Make demands: ANCAP chief executive Nicholas Clarke has urged fleet managers to demand automatic emergency braking on cars they purchase.

Fleet managers urged to push hard for latest anti-crash technology

15 Apr 2015

FLEET managers should heap pressure on vehicle suppliers to make automatic emergency braking (AEB) available on their vehicles, according to Australia's independent crash safety watchdog.

Just leaving it to market forces would not produce a timely result, Australian New Car Assessment Program (ANCAP) chief executive Nicholas Clarke told the annual conference of the Australasian Fleet Managers Association (AFMA) in Melbourne.

And waiting for governments to introduce regulations would take almost as long, a United States study had shown, Mr Clarke said,“It does take a long time to actually get regulation in place,” he said.

Mr Clarke said a regulation making AEB compulsory would have to work its way through the global bureaucracy.

“We are tied up in the United Nations process through Working Party 29,” he said.

“These sorts of things have to be worked through at an international level, and the progress can be glacial.

“And that’s why we are looking for non-regulatory ways for putting the technology into vehicles, and demand is the simple answer.”

ANCAP has already announced that it will harmonise its testing procedures with the Euro NCAP system, and that will mean vehicles will have to have AEB before they can score a five-star rating from 2018.

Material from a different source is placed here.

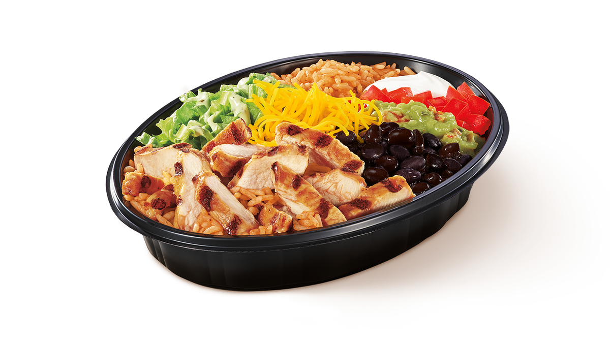 Bowl γεμισμένο με ψητό κοτόπουλο, μαύρα φασόλια, μεξικάνικο ρύζι,sour cream,τραγανό μαρούλι, ζουμερές ντομάτες,guacamole,τυρί cheddar γαρνιρισμένο με σάλτσα Cali Ranch

But in his address to the AFMA conference, Mr Clarke urged fleet managers to insist on AEB in any new vehicle they buy.

“Demand is the simple answer, and the manufacturers tell us that. If we can get consumers to demand a product, the manufacturers will put it in,” he said.

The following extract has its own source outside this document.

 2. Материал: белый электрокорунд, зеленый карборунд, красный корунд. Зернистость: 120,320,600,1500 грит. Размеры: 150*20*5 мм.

“We only need to crack open the nut. As soon as we can get a few cars with it and consumers buy those, the others will follow along.”

Mr Clarke said price should not be a hurdle for the adoption of AEB.

“We had AEB in the Volkswagen Up, two or three years ago. That was a $15,000 car.”

He said AEB had been around for a decade, initially in high-end cars.

However, he conceded hat the Australian market was perhaps the most competitive in the world and that this brought pricing pressures for the manufacturers.

“There is a price sensitivity in the market here and the manufacturers operate within those price pressures.”“It’s a very small market and highly competitive.”

Mr Clarke said ANCAP was running an informal campaign to get the message out so that more buyers would demand AEB in their vehicles.

“What we are doing is talking to groups like AFMA and other similar industry organisations to convince their members they should all be driving five-star cars, and largely they are.

“We are trying to build that same impetus for AEB.”

Mr Clarke acknowledged that some cars that come to Australia without AEB offer it in other markets.

“Sometimes it’s not a case of it’s not available,” he said. “Sometimes it’s a case of, if you buy it, you also have to take the top-end sound system, moonlight glass roof and the leather seats.”“The Victorian Parliamentary Road Safety Committee seven or eight years ago said it was immoral for luxury items to be packaged with safety, and here we are all this time later still seeing it occasionally.”“Cup holders can be optional, not safety.”

Even though fleet managers now faced severe fines or even jail for not providing a safe workplace, it was still necessary to repeat the safety message as often as possible, Mr Clarke said.

“One thing we have learned over time is that you have to keep banging the drum because it’s easily forgotten.

“Everybody’s got their day job to do, everybody’s busy and everybody’s under pressure and things can be out of sight, out if mind.

“Fleet managers have the power, but it is necessary to demand high technology in your cars.

“We want you to say to the manufacturers ‘I want an ANCAP five-star car’,” he said.

“If fleets can pressure the car manufacturers, they will rise to the challenge.”